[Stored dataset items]
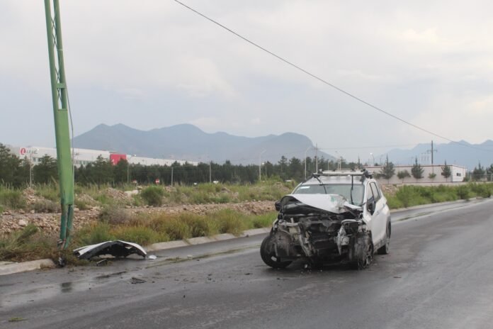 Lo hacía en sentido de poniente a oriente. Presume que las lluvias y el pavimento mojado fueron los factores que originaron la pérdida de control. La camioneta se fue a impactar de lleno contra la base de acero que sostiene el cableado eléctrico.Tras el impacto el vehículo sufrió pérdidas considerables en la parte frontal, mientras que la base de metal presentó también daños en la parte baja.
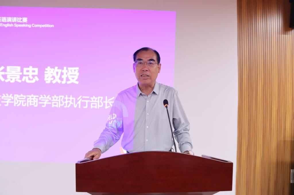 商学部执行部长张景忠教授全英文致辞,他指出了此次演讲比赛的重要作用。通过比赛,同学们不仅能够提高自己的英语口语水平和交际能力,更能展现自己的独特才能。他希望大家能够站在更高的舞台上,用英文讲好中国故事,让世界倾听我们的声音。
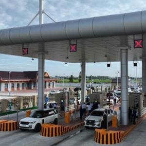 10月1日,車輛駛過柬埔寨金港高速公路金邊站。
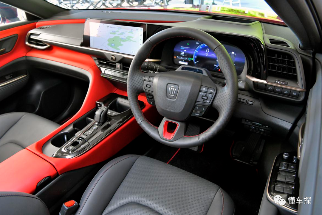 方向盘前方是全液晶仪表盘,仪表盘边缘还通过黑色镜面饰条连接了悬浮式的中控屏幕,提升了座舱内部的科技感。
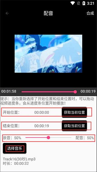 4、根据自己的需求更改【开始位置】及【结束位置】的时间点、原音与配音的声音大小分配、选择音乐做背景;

→ **WHAT THE TASK REQUIRES**
Please leave out the pictures while you copy exactly the lines from the one containing "10月1日,車輛駛過柬埔寨金港高速公路金邊站。" through the end of the records.

→ **RESULT FOR THIS EXERCISE**
 10月1日,車輛駛過柬埔寨金港高速公路金邊站。
 方向盘前方是全液晶仪表盘,仪表盘边缘还通过黑色镜面饰条连接了悬浮式的中控屏幕,提升了座舱内部的科技感。
 4、根据自己的需求更改【开始位置】及【结束位置】的时间点、原音与配音的声音大小分配、选择音乐做背景;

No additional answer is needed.